校外学習の日、バスの中はどこか浮ついた雰囲気で満ちていた。行き先は隣の市の自然公園。目的地は特に目を引く場所ではなかったが、教室から離れて外へ出られるというだけで、生徒たちはみな心が弾み、車内はその高揚感に支配され、途切れることのない会話の波が広がる。
 三週間後に行われる文化祭において、クラスの生徒がそれぞれ描いた風景画を教室に飾る予定であり、今回の校外学習の目的はその資料や題材を集めるためだ。そんな事のためにバスを出すなんて、我が校は器が広いらしい。
 窓際の席に座り、隣に座る桜井さんを感じながら、流れていく外の風景を簡単にスケッチしていた。座席は窮屈で、バスが揺れるたびに彼女と肩が軽く触れ合う。そのたびに、彼女の長い髪から漂う香りがふわりと顔の周囲に広がり、まるで大きなわたがしが浮遊するように、ほのかに甘く柔らかな余韻を残していく。その香りが鼻先をかすめる度に気もそぞろで、外の風景に集中できない。蓮太郎が横に座ってくれた方がまだマシだった。

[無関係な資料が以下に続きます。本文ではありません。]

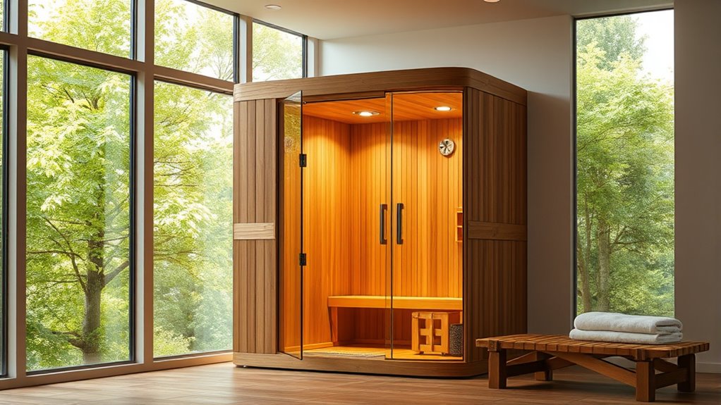 If you’re looking for the best home sauna kits for relaxation and wellness in 2025, I’ve got you covered. I’ve explored options like infrared, steam, portable, and traditional models, all designed to fit different spaces and budgets. These saunas offer rapid heat-up, therapeutic benefits, and modern features like Bluetooth and customizable lighting. Keep going, and you’ll discover detailed insights into each type, so you can find the perfect one to enhance your wellness routine.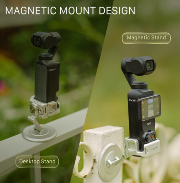 Magnetický montážní stojan Tilta TA-T65-MMS-TW (titanově bílá) je elegantní, ultrakompaktní hliníkové rameno s dvojitým kloubem, které bylo navrženo exkluzivně pro DJI Osmo Pocket 3. Kombinuje okamžité magnetické připevnění se standardní základnou se závitem 1/4"-20 a nabízí naklonění horní části o 270° a otočení spodní části o 180°, což umožňuje neomezené kreativní úhly při stolním, nízkém nebo rigged nastavení.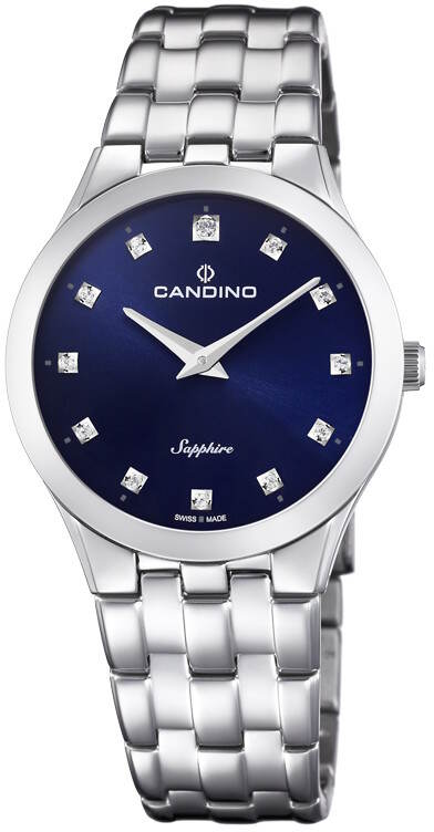 Candino C4700/2 on laadukas Sveitsiläinen naisten kello. Kellon runko ja ranneke ovat valmistettu ruostumattomasta teräksestä. indeksejä koristavat kirkkaat zirconia korukivet. Hopeanväristä kellotaulua suojaa kestävä safiirilasi. Kellon rungon leveys on 31,6mm ja paksuus 6,8mm. Candino-kelloille myönnetään 2 vuoden takuu ja ne toimitetaan valmistajan alkuperäisessä pakkauksessa.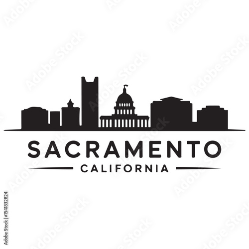 © firoz, Obraz premium Sacramento city skyline horizontal banner. Sacramento city, California USA. Vector template for your design. Vector black silhouette. with white background

「うわ!ちょっと見てよ。あの山、変わった形してる!」
 指さす前腕が、うつむく僕の顔面とスケッチブックの間に割り込んでくる。彼女が指す方向に視線を向けたが、その山が一番低いという事以外は周囲の山々との差異がよくわからない。
「……本当だね。面白い形だ」
 曖昧に答えて、またスケッチブックに視線を戻した。
 彼女の目の中にはその山の景色がきらきらと輝いて映っているのだろう。理解はできないけど。
「……ちょっと!君、本当に観てた?」
「観てたよ、あの一番低い山でしょ?でも他の山と、さほど違いはないと思うんだけど」
「よく観てよ、あの山!なんかゴリラっぽくない?こう、ほら、あれが顔の部分で。あっちが体。寝転んで遊んでるみたい」
「……ゴリラ……ゴリラ?」
 山はどうみても山でしかないわけだが。
「そう、ゴリラが寝そべっているようにみえると思わない?」
「そうかな……よくわからないな」どこがどうゴリラに見えるのか、頭の上に疑問符が飛び出てきた。
「…………」
「涼くんはさ、さては見ているだけで観てないな」どこか誇らしげに彼女は腕を組む。
「何それ?トンチかナゾナゾみたいなもの?」
「ううん、そうじゃなくて。因みに絵を描く時に一番必要な技術って何だと思う?」
「……観察力、かな」いささか自信は欠けていたが、まぁこれが正しい答えだろうと、自分を納得させた。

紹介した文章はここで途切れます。